Feeding Tube / Worried Songs

Die grobkörnige Fotografie auf dem Cover fängt die anachronistische Stimmung des neuen Albums von Dylan Golden Aycock gut ein. Der US-amerikanische Musiker betreibt auch das Scissor Tail Label und veröffentlicht dort überwiegend instrumentale Musik, die als Cosmic Americana rubriziert werden kann. Die bemerkenswerteste Veröffentlichung des qualitativ ohnehin bemerkenswerten Label-Katalogs ist sicherlich der Soundtrack von Bruce Langhorn zum Spätwestern »The Hired Hand«, und an diese sehr stimmungsvolle Musik erinnern die sieben Instrumentalstücke auf »No New Summers« deutlich. Western- und Pedal-Steel-Gitarre prägen die staubig-sonnengegerbte Atmosphäre des Albums, aber der imaginierte Cowboy, das vereinzelte Individuum im Spätkapitalismus, inszeniert als einsamer Reiter, sitzt nicht mehr auf dem Pferd, er ist auf dem Skateboard unterwegs. Dieser ästhetische Bruch verankert die nostalgisch gestimmte Musik in der Gegenwart.
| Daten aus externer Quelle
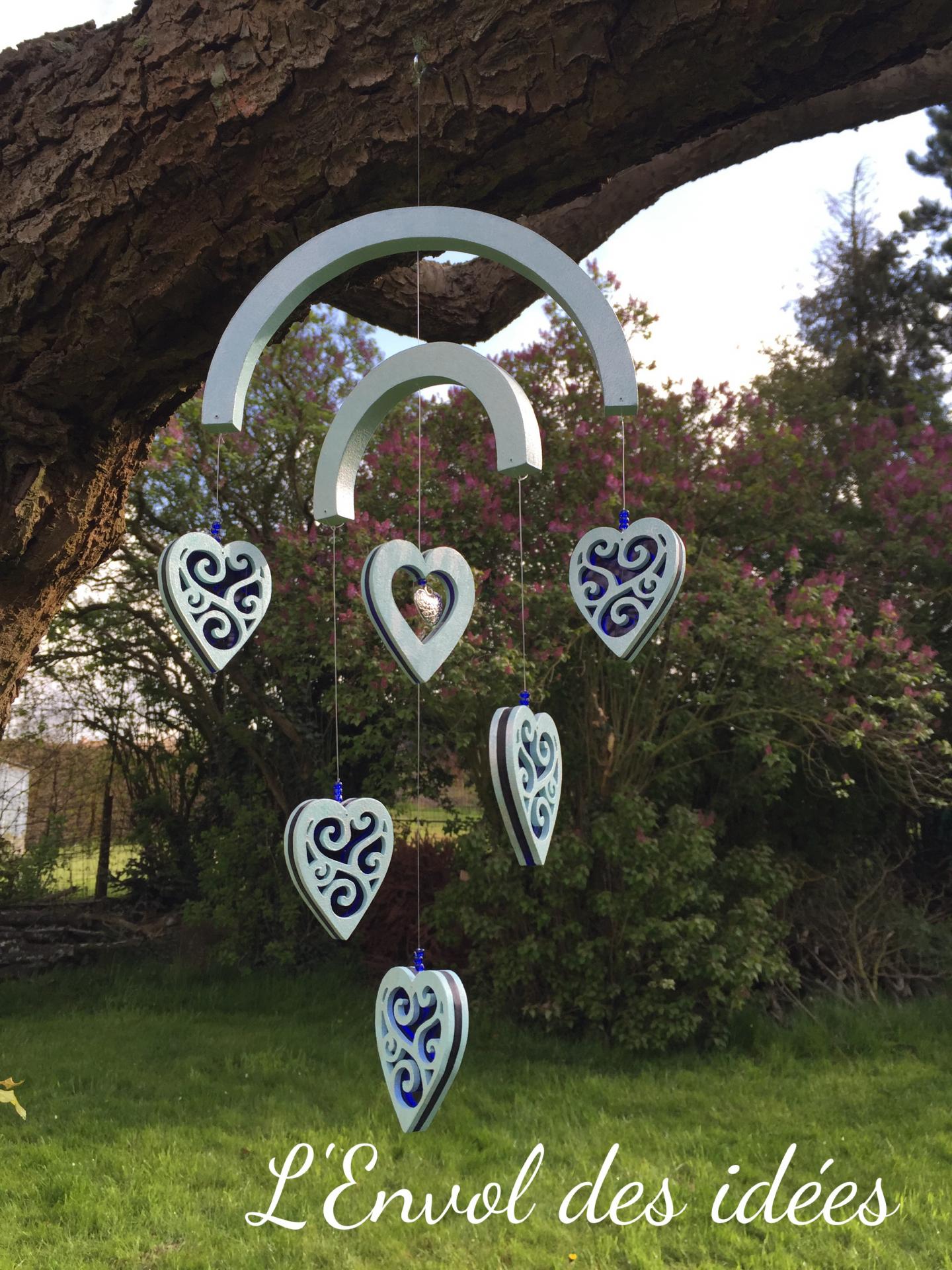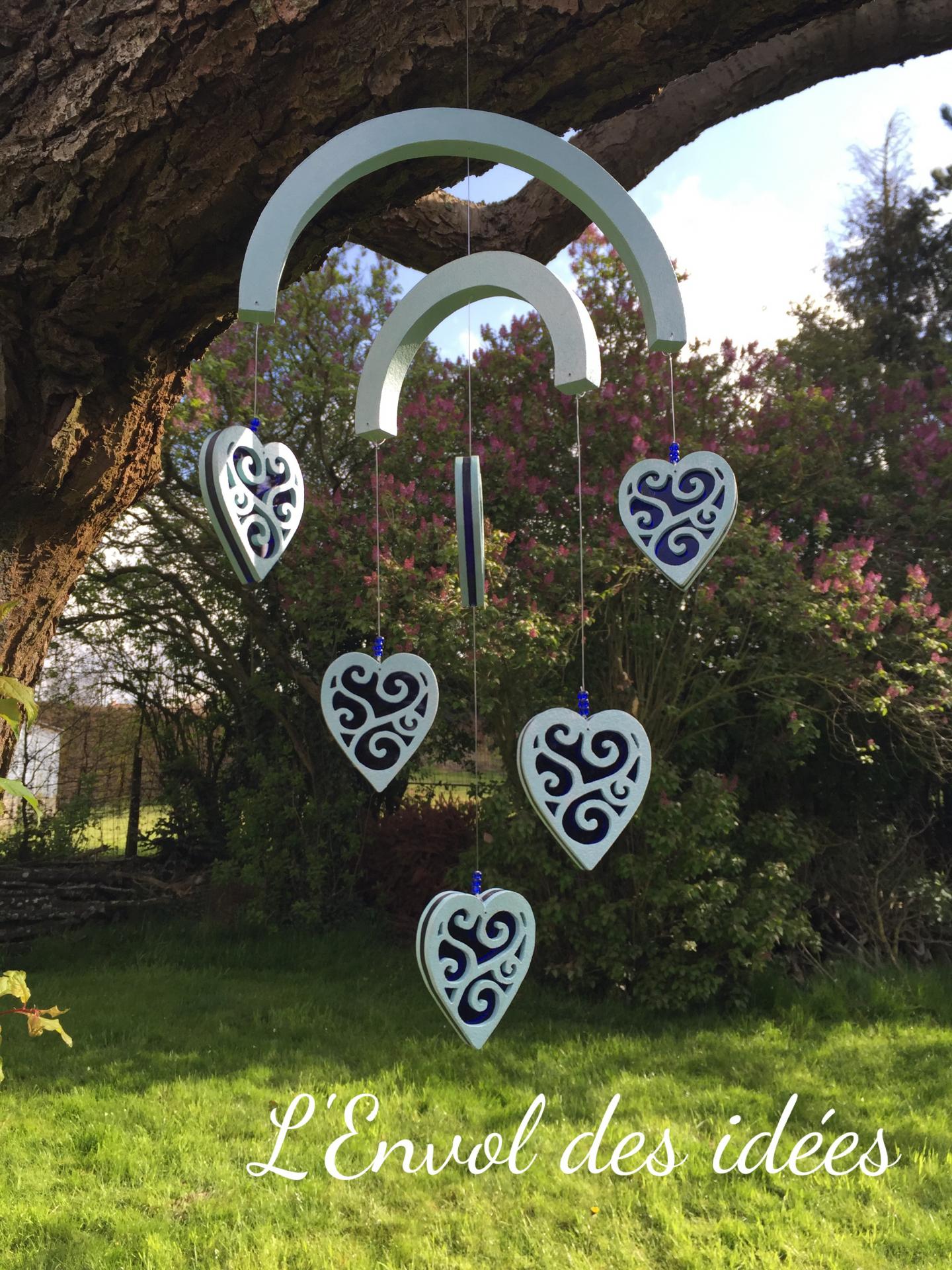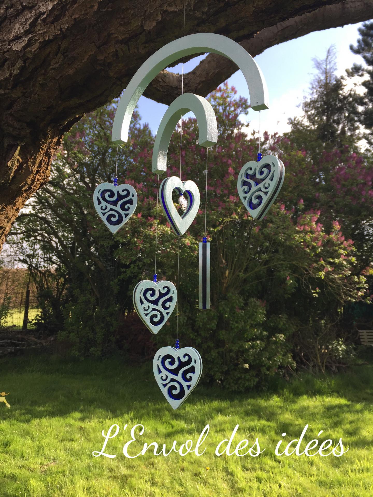 En tant que vraie fan de mobile, j'ai craqué pour le modèle de Sue Mey. Mais, comme d'habitude, je ne me suis pas contentée du modèle ... il fallait que ce mobile capte la lumière ;-)Dans ce cadre, l'association mdf / plexi se fait parfaitement et donne un très chouette résultat. De plus, la finition peinture en "bleu d'eau" avec un lustre métallique donne encore plus de brillance à l'ensemble.

Um die ist es (nicht nur in den USA) nicht gut bestellt, und sagen wir mal, die Covergestaltung stünde ebenfalls in Verbindung mit einem Film, der, in der Tradition von Peter Fondas fatalistischem Blick, von Entbehrungen geprägte und enttäuschte Lebensentwürfe festhält, so könnte diese zeitgenössische Variante von Harmony Korine gedreht worden sein – und »No New Summers« wäre der Soundtrack dazu. Eine kaum spürbare Traurigkeit liegt wie Mehltau über allen Eindrücken, die Dylan Golden Aycocks Musik vor dem geistigen Auge entstehen lassen kann. Müdigkeit, Niedergeschlagenheit und Erschöpfung prägen die Stimmung. Es ist spät geworden, und was wird morgen sein? Nichts. Oder eben alles so wie heute und gestern. Die so zum Ausdruck kommende Tristesse birgt vielleicht noch irgendwo zarte Reste von Hoffnung, aber die zu bewahren und zu nähren, wird auch nicht leichter. Und die Zeit verstreicht und das Land liegt brach … Dieser deprimierenden Assoziationskette zum Trotz will ich aber sagen, dass mir das Album sehr gut gefällt. Dylan Golden Aycock versteht es wirklich meisterhaft, unter Einsatz minimaler Mittel komplexe Stimmungen hervorzubringen. Es findet sich auf »No New Summers« kein Ton zu viel und doch vermag die Musik eine Fülle von – mithin desolaten – Eindrücken zu vermitteln. Ganz großes Kino!